◆ Assigned task: Begin with the opening line of the records and extract each line through the one holding "PAPEL SECAMANOS BUNZL"; pictures are not part of the copy.

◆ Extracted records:

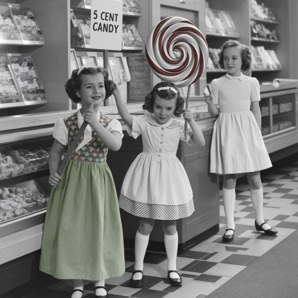Easily generate your own vintage 1950s candy store images. Free, fun, and flexible AI image creation.
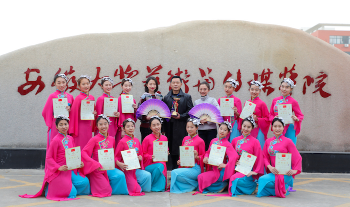 近日,“2017-2018年全国啦啦操联赛(合肥站)”在合肥市新站区举办。由我院音乐舞蹈系李胜副主任担任领队,冉雯雯、龙源两位老师担任教练员的“乐舞”啦啦操代表队斩获公开青年丙组集体自由舞蹈冠军(第一名)。
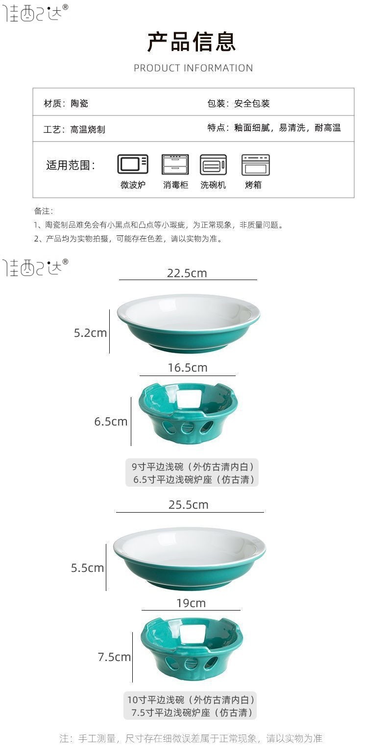 加熱保温食器中国式皿スープ皿台座ろうそく加熱私室食器特色料理皿乾燥鍋その他
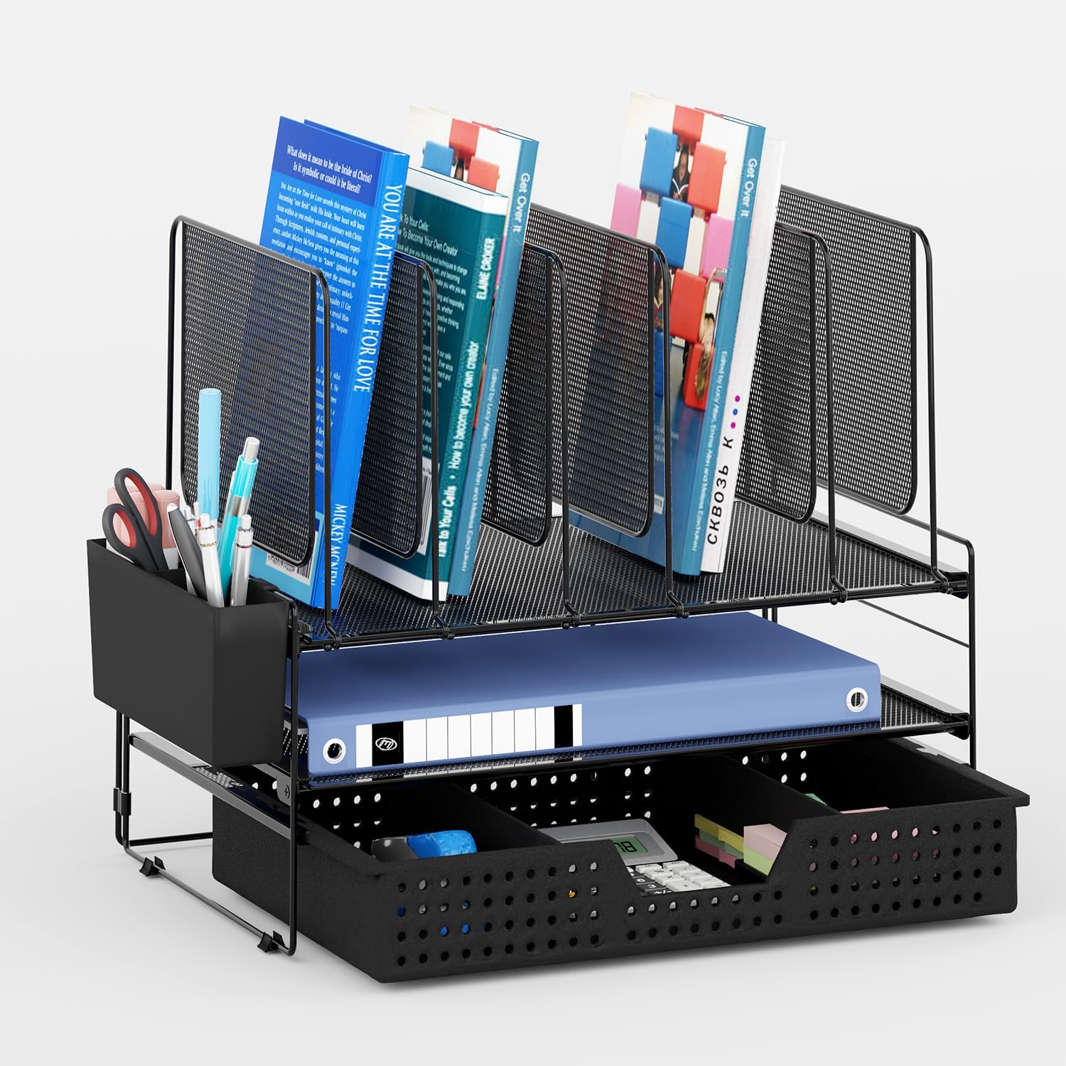 - { Multi-Functional } Upright section racks are removable for larger books and binders. The desktop organizer is not just for office organization, it can also be used in home, school, classroom, college, dorm and other places. Let‘s declutter your desk and keep everything well-organized
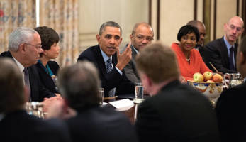 President Barack Obama meets with foundation and business leaders to discuss “My Brother’s Keeper,” an initiative to expand opportunity for young men and boys of color, in the State Dining Room of the White House, Feb. 27, 2014. (Official White House Photo by Pete Souza)
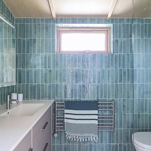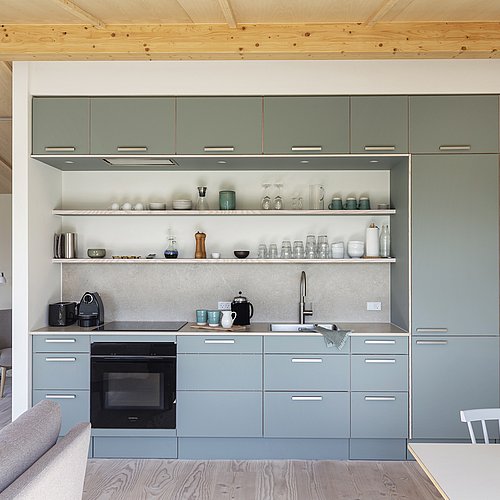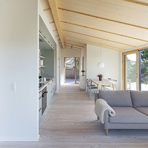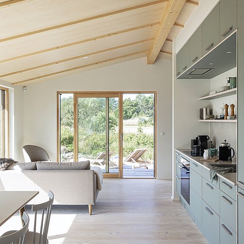 Indvendig er lofter beklædt med askefineret krydsfiner, væggene er hvidmalede og gulvet er massive planker af douglas træ. Køkkenet og fliserne i badeværelset er holdt i grønne toner.
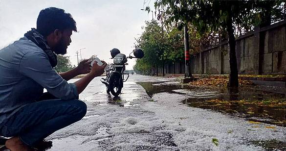 उत्तर प्रदेश के नोएडा में भारी बारिश के साथ ओले भी पड़े, सफेद चादर बिछी
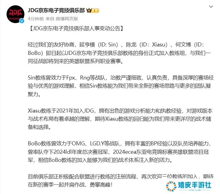 直播吧12月10日讯 官方消息,JDG俱乐部在刚刚公布三则人员变动公告;Sin、Xiasu、BoBo三名教练加入教练组。
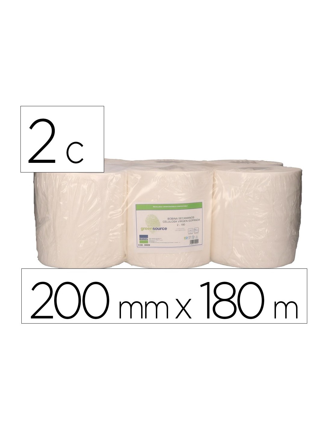 PAPEL SECAMANOS BUNZL GREENSOURCE 2CAP CELULOSA 200MMX180MT.6 ROLLOS
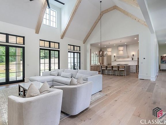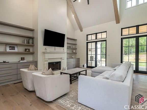 Stunning custom Estate home only 1 year young, located in the nationally acclaimed North Oconee School District on 2 acres in the premier gated community of River's Edge. Enter through the custom iron front door to the foyer that is flanked by a study and dining room that seats 8+. The living room has a beautiful vaulted ceiling with wood beams, built-ins and a cast surround custom fireplace. The living room leads to the covered back porch with fireplace and walkout back yard, that would easily accommodate a pool. Open to the living room is a spectacular chef's kitchen that is surround by a large center island, custom window over the sink that looks out into the back yard, custom white oak cabinets with soft-close feature, 48 in Wolf Range with double oven, SubZero French Door Fridge/Freezer, Bosch Dishwasher, Sharp Microwave Drawer, Quartzite counter tops, walk-in butler's pantry with beverage fridge. Off of the kitchen is the powder bath, mudroom and access to the 3 car garage. The main level master suite has a vaulted ceiling, bathroom with separate vessel tub, marble flooring, 2 large walk-in closets. White oak flooring, two staircases with iron railing, designer lighting, plumbing fixtures, and wallpaper throughout. There is an additional bedroom and full bathroom on the main level. Upstairs are four bedrooms, a common room for flex space and a small craft room. There is also a large unfinished room above the garage that would make a great home gym or office. Marvin windows and doors, frameless shower doors, spray foam insulation (the home is very energy efficient). The basement already has a separate heating and air system, plumbing rough in, and electrical. A complete list of the many features and finishes are available upon request. Great opportunity to avoid the construction process and own an almost new home in one of the top school districts in America! Convenient to major access roads, Athens and Atlanta.
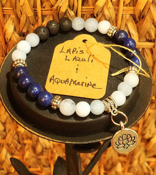 GEMSTONE SPIRITUAL ENLIGHTENMENT genuine healing Gemstone bracelet SET of Lapis Lazuli & Aquamarine, 8mm, gold spacers/Lotus charm-20 dollars each
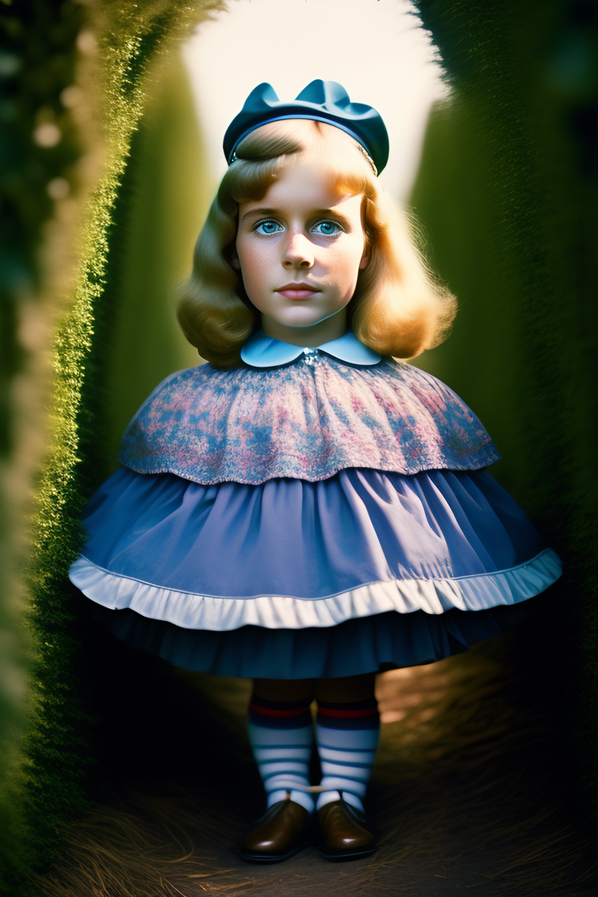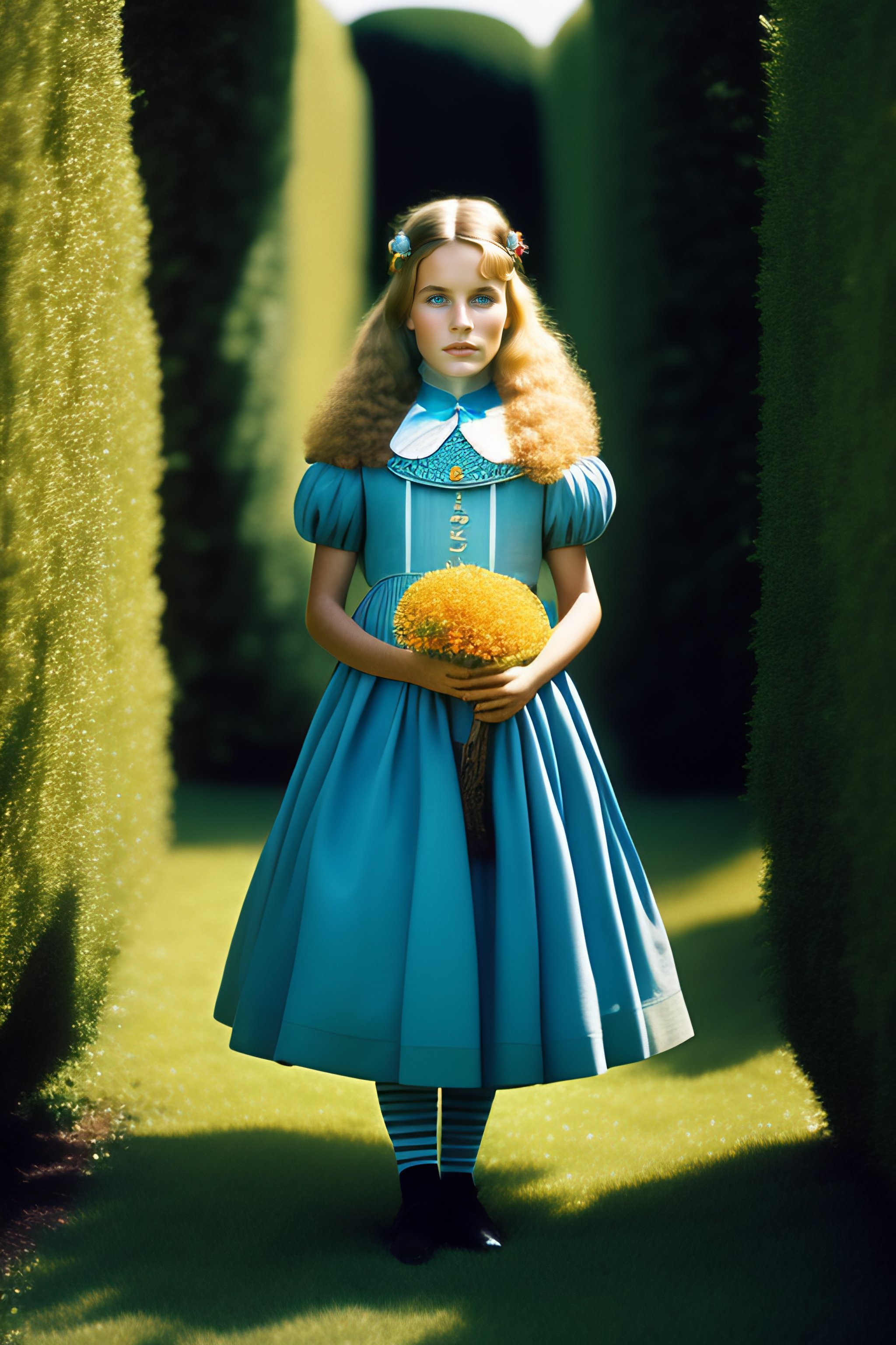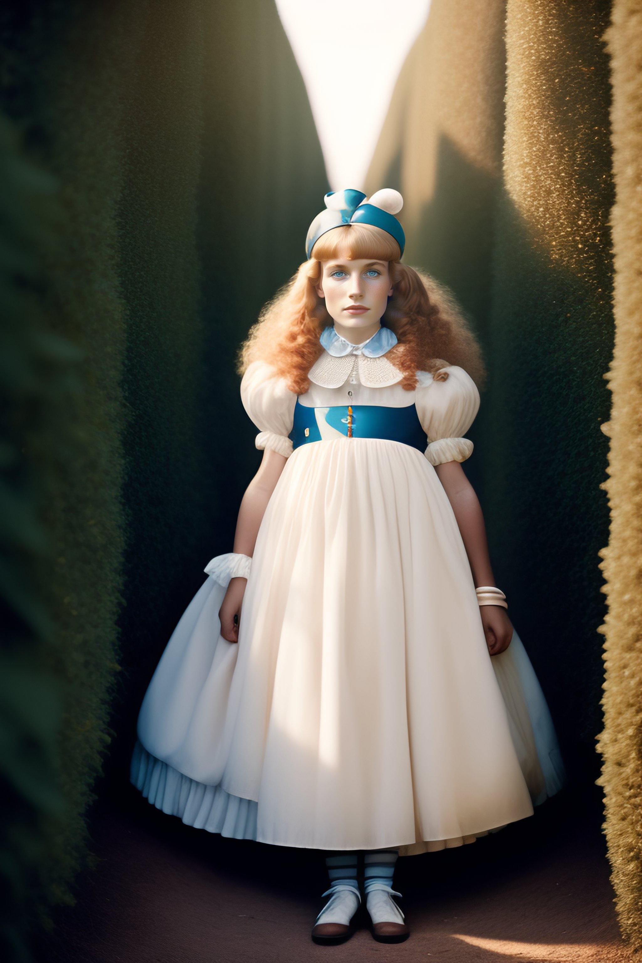 Boris beckers daughter as alice in wonderland in 1972 in giant hedge labyrinth, hasselblad, photo by brian ingram, david lazar, lisa kristine, steve mccurry, high quality, symmetrical face, clear skin, 4 k, dramatic lighting ”
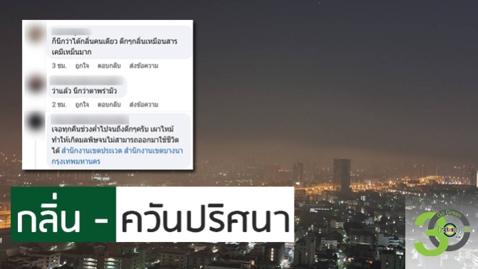 เมื่อช่วงกลางดึกที่ผ่านมา JS100 รับแจ้งจากประชาชนย่านเขตบางนา ลาดกระบัง ประเวศ กทม. ต่อเนื่องบริเวณสนามบินสุวรรณภูมิ จ.สมุทรปราการ พบกลุ่มควันลอยเหนือท้องฟ้าปกคลุมไปทั่ว โดยควันที่เห็นมีกลิ่นเหม็นคล้ายมีการเผาไหม้ จากการตรวจสอบไปยัง สถานีดับเพลิงต่างๆ ต่างก็ได้รับแจ้งเช่นกัน แต่ตรวจสอบแล้วยังไม่พบต้นเหตุ
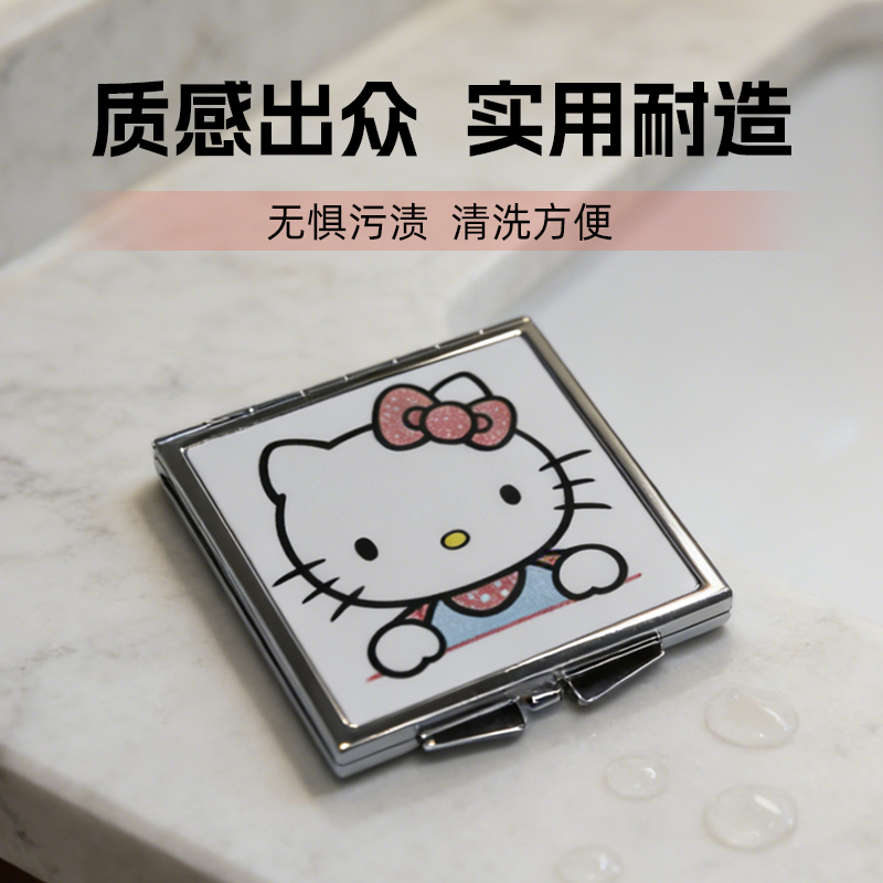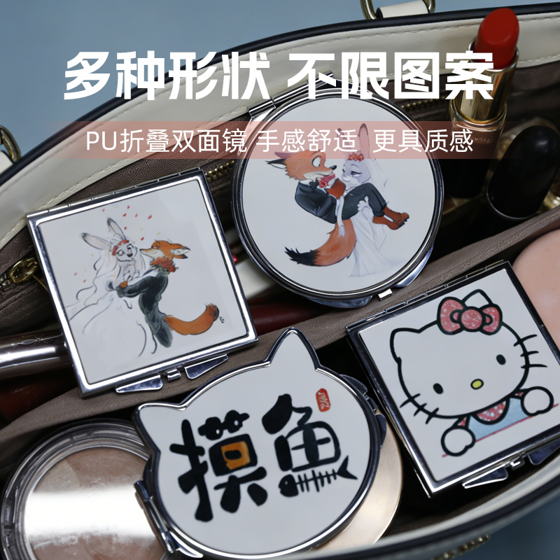 小镜子定制图案PU折叠双面化妆镜制LOGO广告照片折叠金属手持仿皮
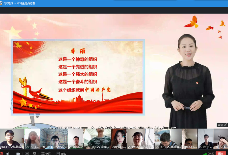 7月1日下午,为庆祝建党99周年,yL23411永利官网登录在本科生党员总群通过QQ群“云”平台开展了题为“在战‘疫’中读懂中国共产党”的线上视频微党课主题学习教育活动,院党委副书记、副院长杨玲老师担任主讲老师,50余名学生党员在线参加。

◆ Written answer:
Easily generate your own vintage 1950s candy store images. Free, fun, and flexible AI image creation.
 近日,“2017-2018年全国啦啦操联赛(合肥站)”在合肥市新站区举办。由我院音乐舞蹈系李胜副主任担任领队,冉雯雯、龙源两位老师担任教练员的“乐舞”啦啦操代表队斩获公开青年丙组集体自由舞蹈冠军(第一名)。
 加熱保温食器中国式皿スープ皿台座ろうそく加熱私室食器特色料理皿乾燥鍋その他
 - { Multi-Functional } Upright section racks are removable for larger books and binders. The desktop organizer is not just for office organization, it can also be used in home, school, classroom, college, dorm and other places. Let‘s declutter your desk and keep everything well-organized
 President Barack Obama meets with foundation and business leaders to discuss “My Brother’s Keeper,” an initiative to expand opportunity for young men and boys of color, in the State Dining Room of the White House, Feb. 27, 2014. (Official White House Photo by Pete Souza)
 Indvendig er lofter beklædt med askefineret krydsfiner, væggene er hvidmalede og gulvet er massive planker af douglas træ. Køkkenet og fliserne i badeværelset er holdt i grønne toner.
 उत्तर प्रदेश के नोएडा में भारी बारिश के साथ ओले भी पड़े, सफेद चादर बिछी
 直播吧12月10日讯 官方消息,JDG俱乐部在刚刚公布三则人员变动公告;Sin、Xiasu、BoBo三名教练加入教练组。
 PAPEL SECAMANOS BUNZL GREENSOURCE 2CAP CELULOSA 200MMX180MT.6 ROLLOS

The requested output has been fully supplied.